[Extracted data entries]
******

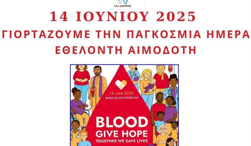 Ο Σύλλογος Εθελοντών Αιμοδοτών Ν. Ρεθύμνου «ΔΟΤΕΣ ΖΩΗΣ» σας προσκαλεί να γιορτάσουμε μαζί την Παγκόσμια Ημέρα Εθελοντή Αιμοδότη, όχι με λόγια, αλλά με πράξεις αγάπης και ζωής.
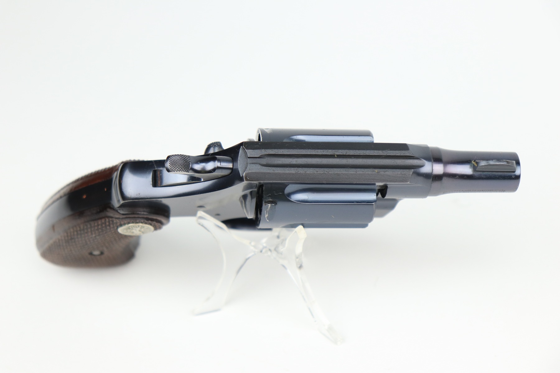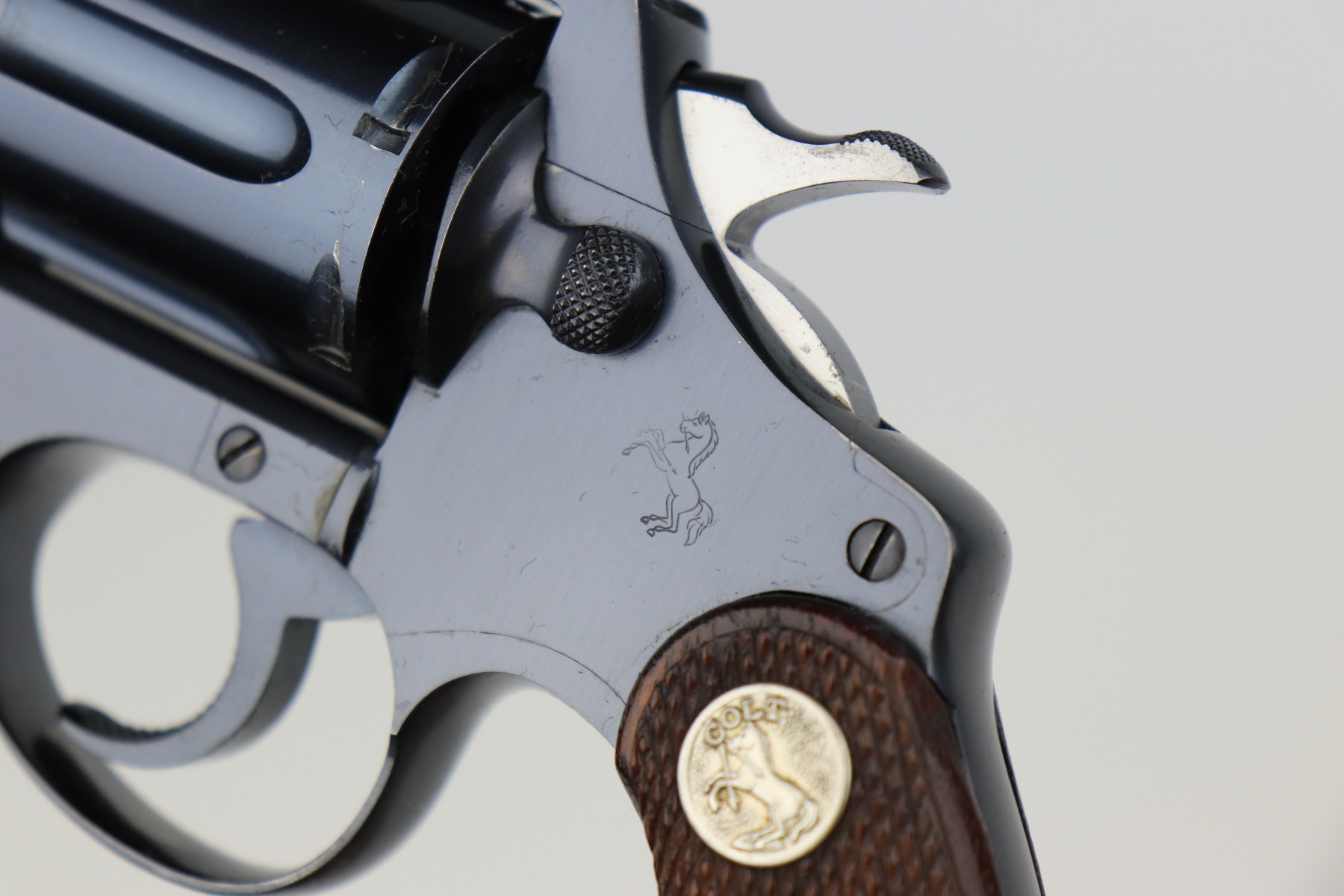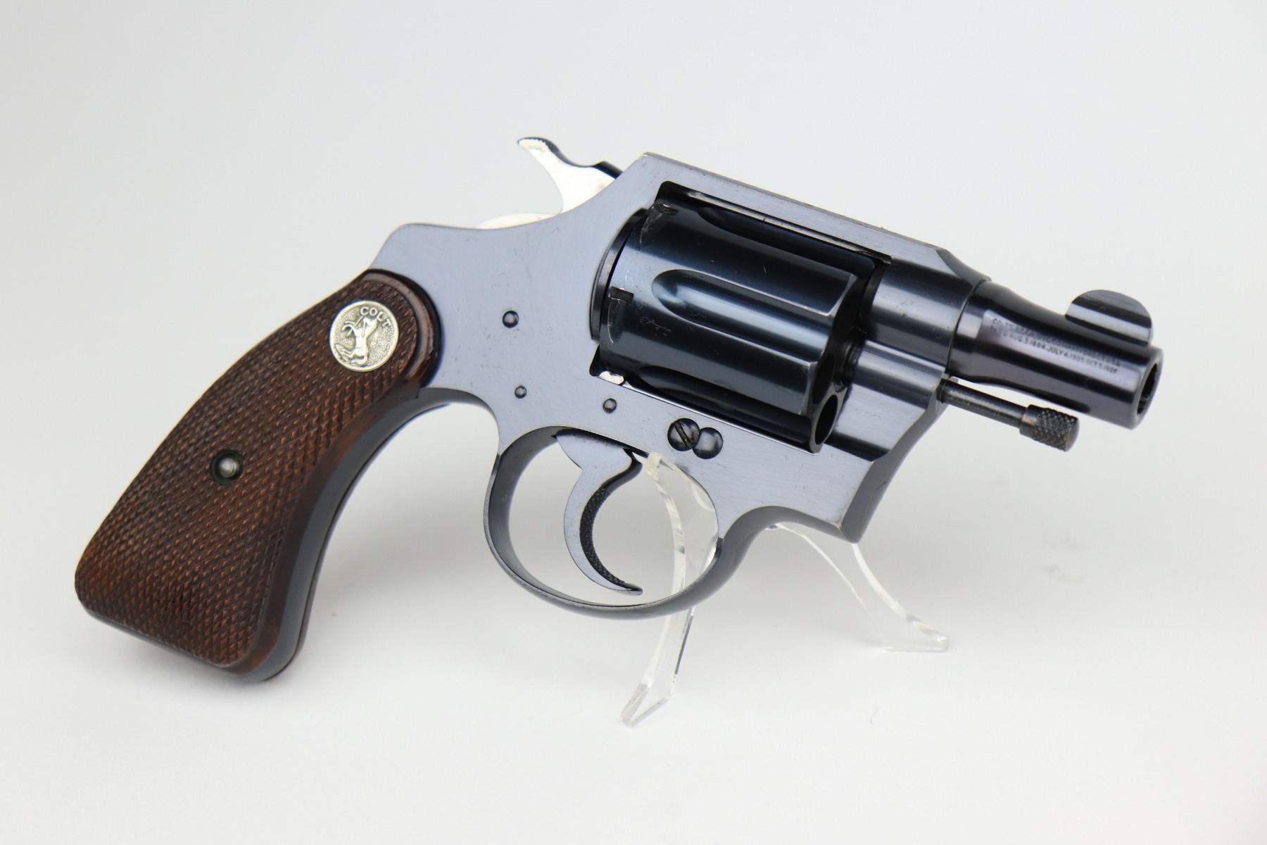 1/11/21 – This is a mint example of a Colt Detective Special revolver, chambered in .38 Special. Manufactured in 1938. 2 inch barrel. The gun is in mint condition with just a hint of a roll mark on the cylinder. The cylinder is tight and the action is smooth. The bore is mint. Comes with minty grips.
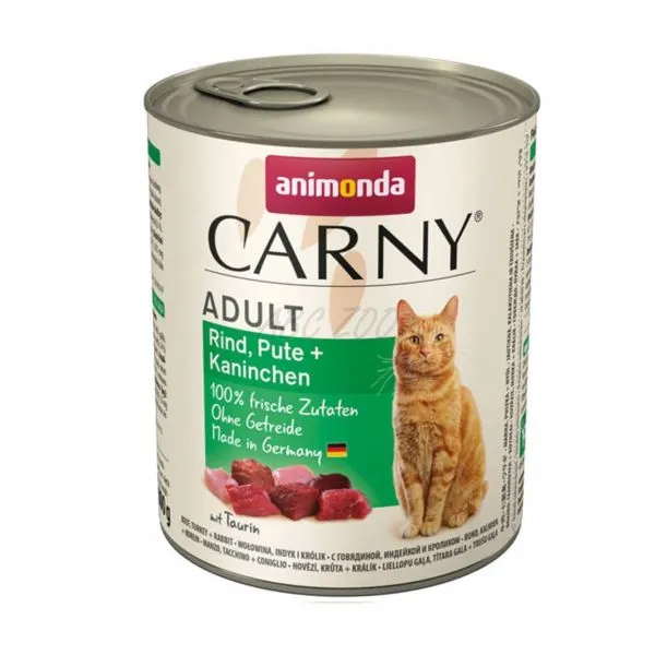 Animonda konzerva pre dospelé mačky s obsahom hovädzieho, morčacieho a králičieho mäsa.
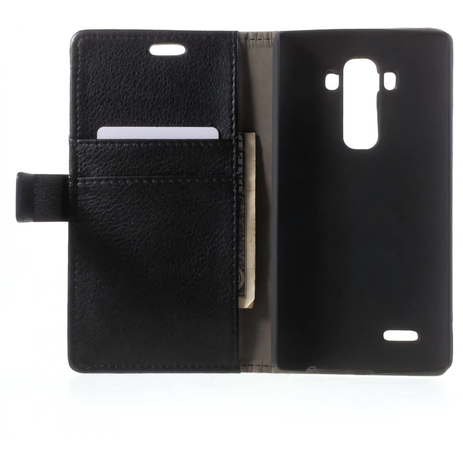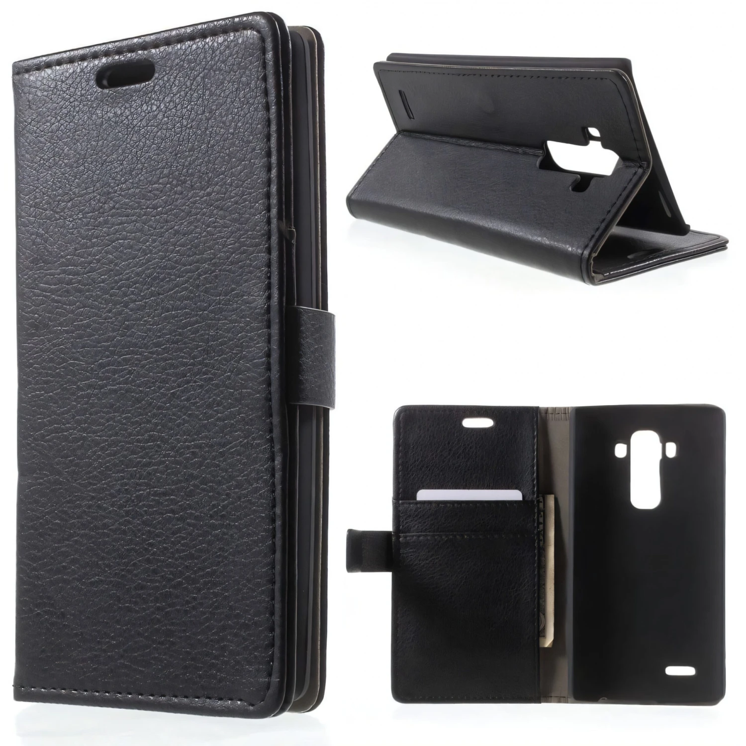 Etui similicuir portefuille de bonne facture pour votre LG G4. L’appareil est complètement protégé dans son écrin.
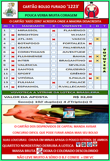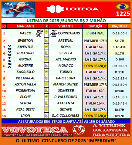 Na penultima de 2025, o prêmio foi turbinado devido ao acumulo do 1222, e turbinada também deve ser nossa pré loteca, aqui nosso post principal e ainda fica o convite visitem os posts jogo a jogo em nosso blog auxiliar>>>JG A JG>SÓ CLICAR<
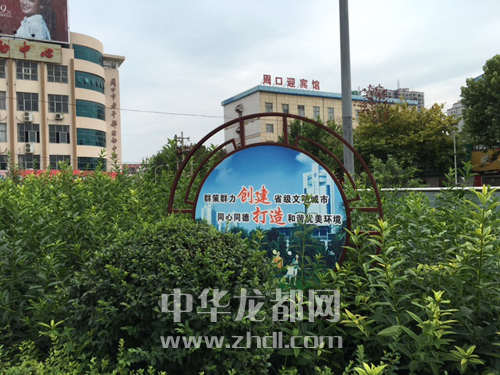 五一文化廣場綠化帶內(nèi)的公益廣告宣傳牌
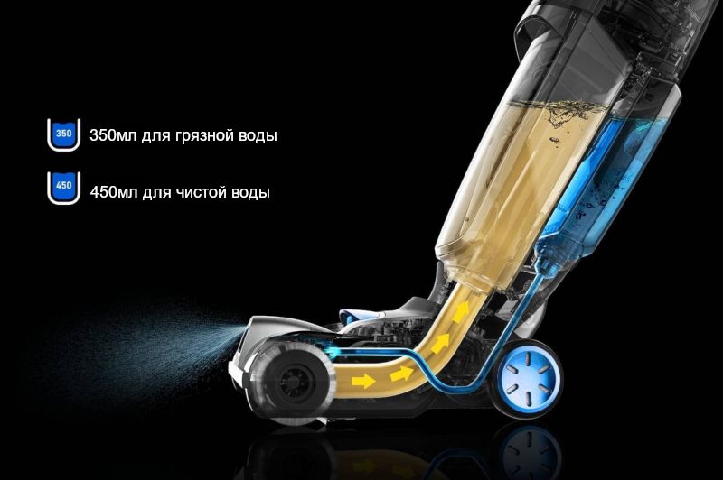Технология двойного бака позволяет не смешивать чистую и грязную воду, чтобы постоянно мыть пол только чистой водой.
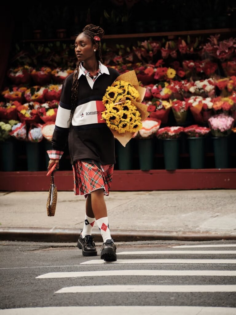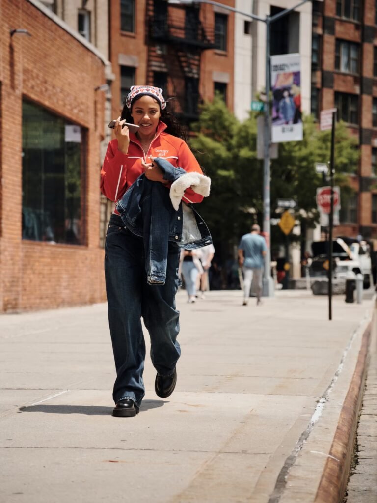 Me conecto com a energia da Tommy Jeans através da mistura do inesperado — seja na música ou na moda. Assim como uma música combina diferentes sons para criar algo novo, eu amo misturar denim com alfaiataria, ou uma peça esportiva com algo ousado e divertido. Estilo é sobre confiança e autoexpressão, quebrar um pouco as regras — e é essa atitude da Tommy Jeans que levo comigo, no palco e na vida cotidiana”.
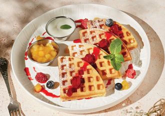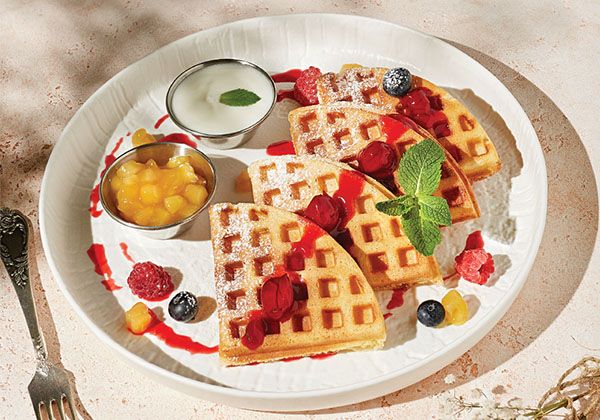 Վաֆլի, մանգոյի խյուս, հունական յոգուրտ, հատապտուղներ, բալի սոուս
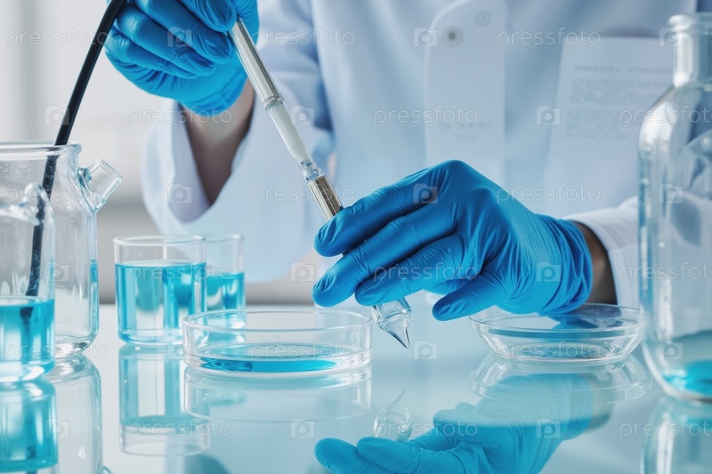 Молодой ученый-взрослый проводит лабораторный эксперимент со стеклянными изделиями
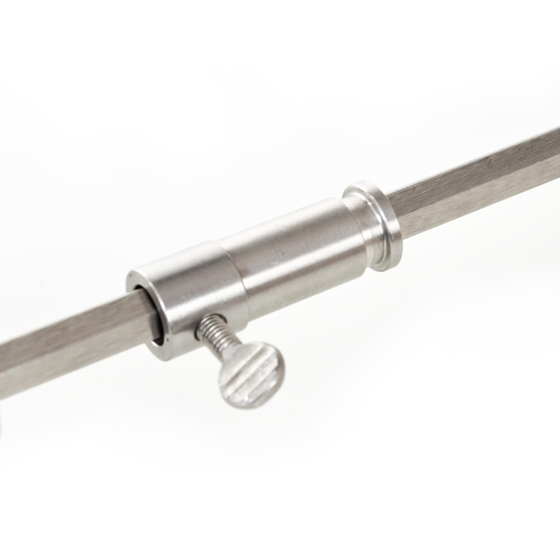 A nyárstű két rögzítő rozsdamentes acél lapot és csavarokat tartalmaz:
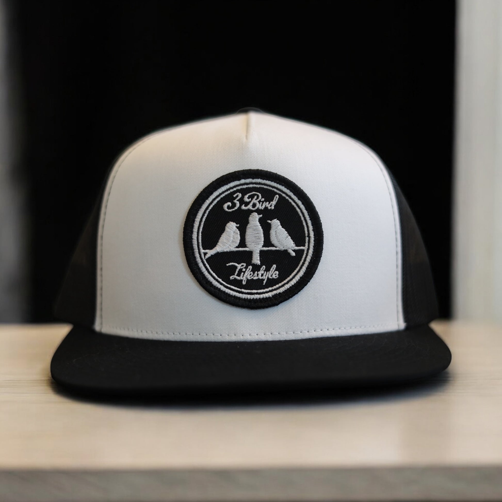 3 Bird Lifestyle Flat Bill Trucker • Black & White• 3 Bird Lifestyle Patch
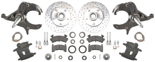 79-87 G-BODY DISC BRAKE & 2" DROP SPINDLE KIT,10.5" DRILLED ROTORS,CALIPERS
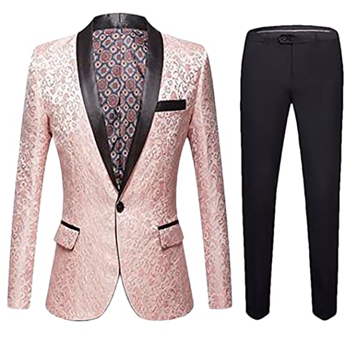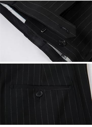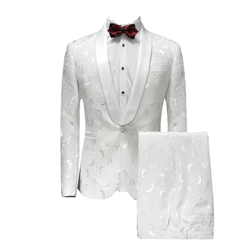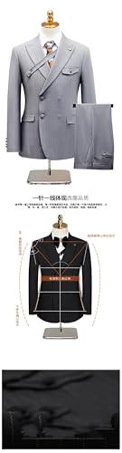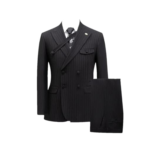 Zweireihiger Herrenanzug, 2-teilig, Revers, flache Passform, lässiger Smoking für Hochzeit (Blazer + Hose), Schwarz , 58
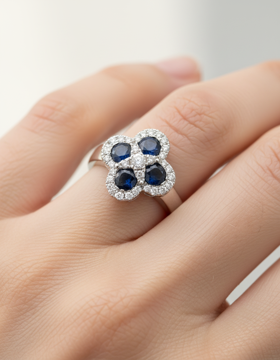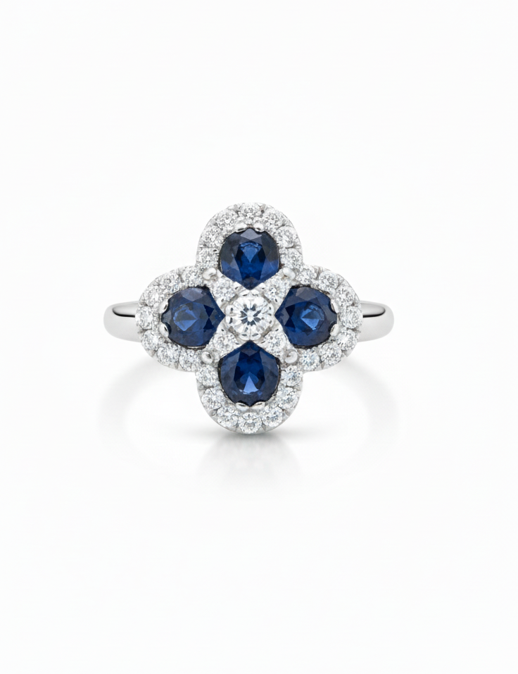 Descubre la elegancia y el brillo en un exclusivo anillo Trébol de Oro Blanco 18k, engastado con 4 zafiros azules y un halo radiante de diamantes. Una joya única que captura la luz y todas las miradas.
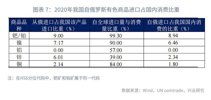 同时,俄罗斯也是全球主要有色矿产资源国,产量占全球比重位居前位的主要有:钯矿、锑矿、钒矿、铂矿等。结合我国消费进口依赖度看,我国自俄罗斯进口占我国消费比重较高的产品有钯矿、铂矿和镍矿。
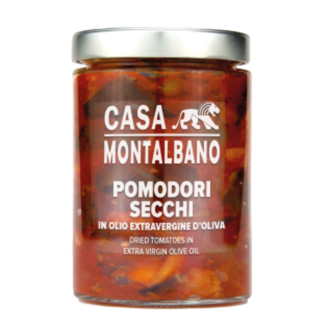 Odkryj intensywny smak Sycylii dzięki wyjątkowym pomidorom suszonym w oliwie z oliwek od renomowanej marki Casa Montalbano! Nasze pomidory, starannie suszone i zanurzone w najwyższej jakości oliwie z oliwek, zachowują świeżość i aromat sycylijskich upraw. Doskonały dodatek do sałatek, makaronów, czy jako składnik wykwintnych przekąsek. Bez dodatku sztucznych barwników ani konserwantów. Spróbuj już dziś i zanurz się w smakowej podróży na sycylijskie wybrzeże!

******

# AIM OF THE TASK
From the line holding "同时,俄罗斯也是全球主要有色" to the final line of the data above, give each line again exactly, both ends included, and drop the pictures.

# COMPLETED TASK
 同时,俄罗斯也是全球主要有色矿产资源国,产量占全球比重位居前位的主要有:钯矿、锑矿、钒矿、铂矿等。结合我国消费进口依赖度看,我国自俄罗斯进口占我国消费比重较高的产品有钯矿、铂矿和镍矿。
 Odkryj intensywny smak Sycylii dzięki wyjątkowym pomidorom suszonym w oliwie z oliwek od renomowanej marki Casa Montalbano! Nasze pomidory, starannie suszone i zanurzone w najwyższej jakości oliwie z oliwek, zachowują świeżość i aromat sycylijskich upraw. Doskonały dodatek do sałatek, makaronów, czy jako składnik wykwintnych przekąsek. Bez dodatku sztucznych barwników ani konserwantów. Spróbuj już dziś i zanurz się w smakowej podróży na sycylijskie wybrzeże!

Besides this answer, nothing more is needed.